I'd like to start a middle man business nothing in the service industry like
most types of businesses, basically buying something in bulk and distributing
to places. I know what I'd chose but I'm sure there are other types of things
that I can distribute..I don't know what though.Also need more resources and
connections, and I have no access to that. What are some things that I can buy
and sell in bulk?

>Well, you're here so that means you are able to contact a lot of people that
do have connections, and that's probably almost as good.

This is exactly what I'm here, I know this place is a host to some highly
intelligent and successful people. In fact, I'd be glad to help someone for
free just to see what they do and how things work.

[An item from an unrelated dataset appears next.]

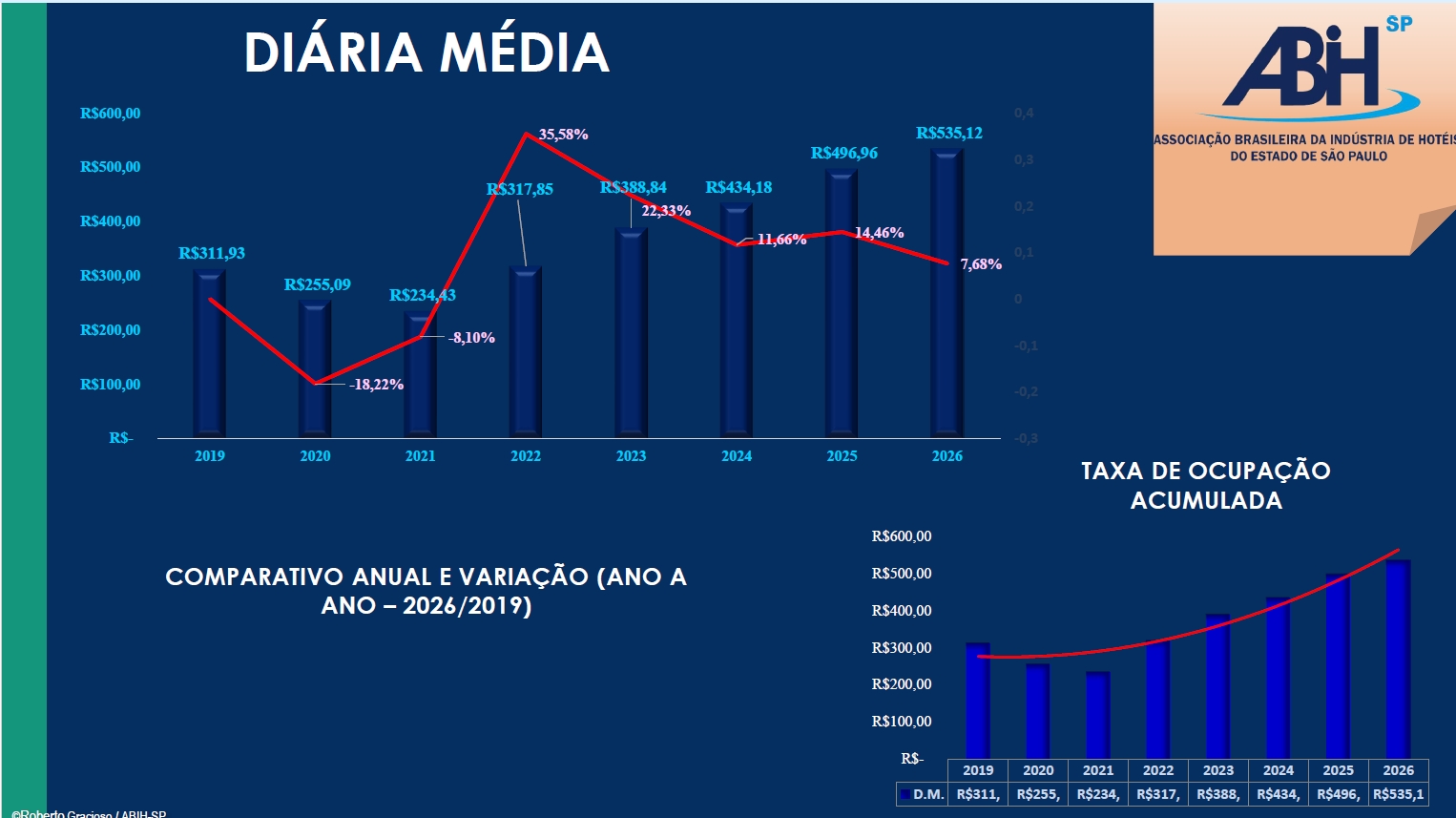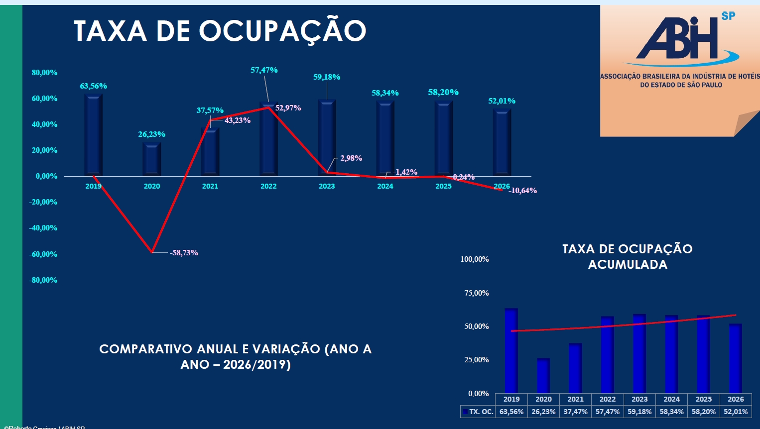 A 67ª edição da pesquisa de Desempenho da Hotelaria do Estado de São Paulo, referente a janeiro/26, apontou índices previsíveis

However, I believe most
people run software/website type of business, which is something I'm highly
interested in. I have no one that is even remotely close to "tech savvy" to
own something like this

>What interests you? Are there skills associated with that that you might want
to learn? I have skills I think, but I don't know what they're pertinent to
because I don't know the opportunities are.

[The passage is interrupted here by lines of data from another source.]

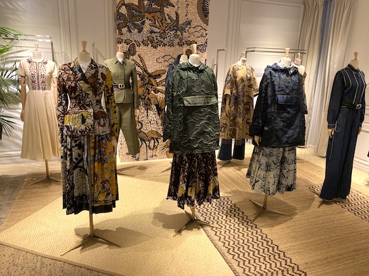 Maria Grazia Chiuri, the Dior creative designer, choose African textiles to talk about Africa because "fashion loves other cultures and can work with other cultures". Specific prints and heavy cotton revisited was used for the bar suite and other pieces.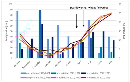 In the first growing season (2020/2021), it was rainy weather at the time of sowing, which had a favorable effect on the initial development of both companion plants. Later, the drier November and December and the lack of winter snow caused a decrease in soil water balance. April 2021 was not optimal in terms of the water needs of peas, but the rainfall in May proved to be enough for its development, which was facilitated the differentiation of the wheat ears. We measured very little precipitation in June, which mainly affected wheat sensitively. In contrast, the second growing season (2021/2022) was characterized by extreme, uneven rainfall distribution. The vegetation period started with much less rainfall than usual, which was critical for the development of both plants despite the heavy rains in December. Then, a strong lack of precipitation that occurred during the pea flowering period affected the plant in its most sensitive phase. This phenomenon had a negative effect on the formation of the number of ears, too. The wetter April and May were more favorable than this, which covered the maximum water demand for the development of the companion plants. The rainfall during the grain-filling period of wheat was less than the optimal level. The third growing season had the least amount of precipitation at the time of sowing. This initial disadvantage was significantly alleviated by the rainfall of the winter months. After that, another slightly drier period began in the spring of 2023, which did not benefit either species. Although the rainfall distribution was not as extreme as the previous year, the lack of rainfall occurred in the critical stages of the companion plants.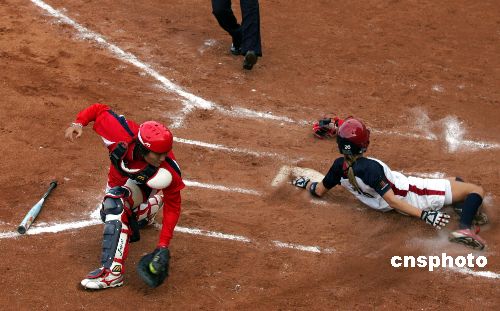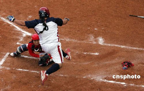 九月四日,美国选手Caitlin Lowe在与日本队比赛中成功返回本垒,为美国队获得一分。当日,日本女垒在北京丰台垒球场举行的第十一届世界女子垒球锦标赛决赛阶段比赛中以三比一大胜美国队,进入决赛。中新社发 武仲林 摄

>So go to work for someone that owns a business! I guess I'll just go to those
office complexes and ask? Would that be a good idea? Or if anyone here would
like to show me what they do I'd be glad to help for free.

------
ScottWhigham
> I have a fair amount of capital to start with..

Shhhhh. Don't tell people that. You don't seem to be in a place right now
technically or otherwise where that should come up. A naive, inexperienced,
yet want-to-be entrepreneur and his money are soon forever parted.

And I say that in the nicest way possible :)

Go buy some books. Take a class on entrepreneurship. Invest your "fair amount
of capital" in a business degree.

------
gte910h
You need to run a SMALL business first

Keep 90% of that capital OFF LIMITS, and make a run at something with the
other 10%.

This is a "learn by doing" type of thing.

Build a website, do affiliate marketing, etc, something low investment to
start, and read read read read and more reading.

------
mike-cardwell
I don't see how you can start a business without skills or ideas. Unless
you've got lots of money... I'd suggest getting one or more of those three
things as a start.